各種所得の内容(全41問中17問目)

No.17

居住者に係る所得税の総合課税の対象となる譲渡所得に関する次の記述のうち、最も適切なものはどれか。
2020年9月試験 問26
  1. 譲渡資産について、譲渡した年の1月1日における所有期間が5年以下であるものは短期譲渡所得に区分され、5年を超えるものは長期譲渡所得に区分される。
  2. 資産を個人に対して通常の取引価額の2分の1未満の金額で譲渡した場合、譲渡所得の金額の計算上、譲渡があった時の通常の取引価額を総収入金額に算入する。
  3. 同一年中に長期譲渡所得に係る譲渡益と短期譲渡所得に係る譲渡益がある場合、譲渡所得の特別控除額は、長期譲渡所得に係る譲渡益から控除し、控除しきれない金額を短期譲渡所得に係る譲渡益から控除する。
  4. 総所得金額の計算上、短期譲渡所得の金額はその全額を総所得金額に算入し、長期譲渡所得の金額はその2分の1相当額を総所得金額に算入する。

正解 4

問題難易度
肢129.0%
肢211.2%
肢313.0%
肢446.8%

解説

  1. 不適切。
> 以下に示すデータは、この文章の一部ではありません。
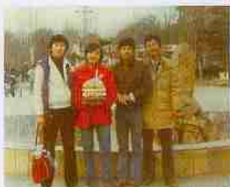
1985年12月3日与校广播站的同学庆祝生日
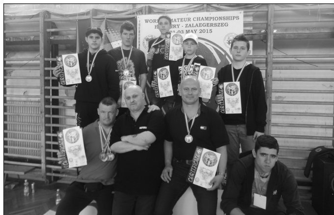
Zalaegerszeg - WAKF szövetség amatőr világbajnoksága

2015. április 30. - május 03. Zalaegerszegen került megrendezésre a WAKF szövetség amatőr világbajnoksága. Görög, olasz, szerb, fehérorosz, lengyel versenyzők mellett a hazai küzdősport egyesületek versengtek a világbajnoki címért. A TVSE kick & thai-boks szakosztálya 9 fővel vágott neki a megmérettetésnek kick-light, light-contact, point-fighting, low-
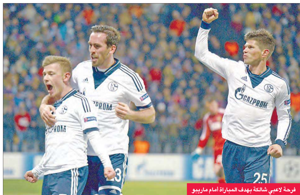
فرحة لاعبي شالكة بهدف المباراة أمام ماريبور

أعرب جوزيه مورينيو مدرب نادي تشلسي الإنجليزي لكرة القدم عن شعوره بالإسف بعد خروج فريق سيورتنغ لشبونة البرتغالي من منافسات دور المجموعات ببطولة دوري أبطال أوروبا مساء الأربعاء. وقال مورينيو لشبكة «سكاي سبورتس» التلفزيونية بعد المباراة: «كان أداءنا في قمة التركيز والجدية، وأنا سعيد بذلك، ولكنني أشعر بالأسف من أجل سيورتنغ، فقد كنت أتمنى أن يتأهلوا». وأضاف أن الفوز «كان مهما بالنسبة لنا، فهو ردة فعل جيدة لهزيمتنا أمام نيوكاسل

総合課税の対象となる譲渡所得では、短期・長期の別を譲渡日における所有期間で判定します。5年以下であれば短期譲渡所得、5年超であれば長期譲渡所得です。不動産の(分離課税の)譲渡所得のように譲渡した年の1月1日時点における所有期間ではないので注意しましょう。
  2. 不適切。個人から個人に時価の2分の1未満で資産が譲渡された場合でも、譲渡所得の金額の計算上、譲渡の対価そのままを収入金額とします。なお、著しく低い価額の譲渡と判定された場合には、資産を譲受した個人は時価と対価の差額を贈与により取得したものとみなされ、贈与税の課税対象となります。
    ※役員から法人に2分の1未満の金額で低額譲渡があった場合には、時価で譲渡したものとみなされますが個人間の取引ではこの規定は適用されません。
    個人事業主が、取得価額が10万円未満または使用可能期間が1年未満の減価償却資産で事業の用に供しているものを譲渡したときは、原則として、事業所得の金額の計算上、その譲渡による収入金額を総収入金額に算入する。2021.5-25-2
  3. 不適切。総合課税の譲渡所得は特別控除額50万円を差し引きますが、長期譲渡所得に係る譲渡益と短期譲渡所得に係る譲渡益がある場合は、まず短期譲渡所得に係る譲渡益から控除され、控除しきれない金額が長期譲渡所得に係る譲渡益から控除されます(短期→長期の順)。
  4. [適切]。短期譲渡所得の金額はその全額が総所得金額に算入されますが、長期譲渡所得の金額は合計額の2分の1相当額を総所得金額に算入します。
したがって適切な記述は[4]です。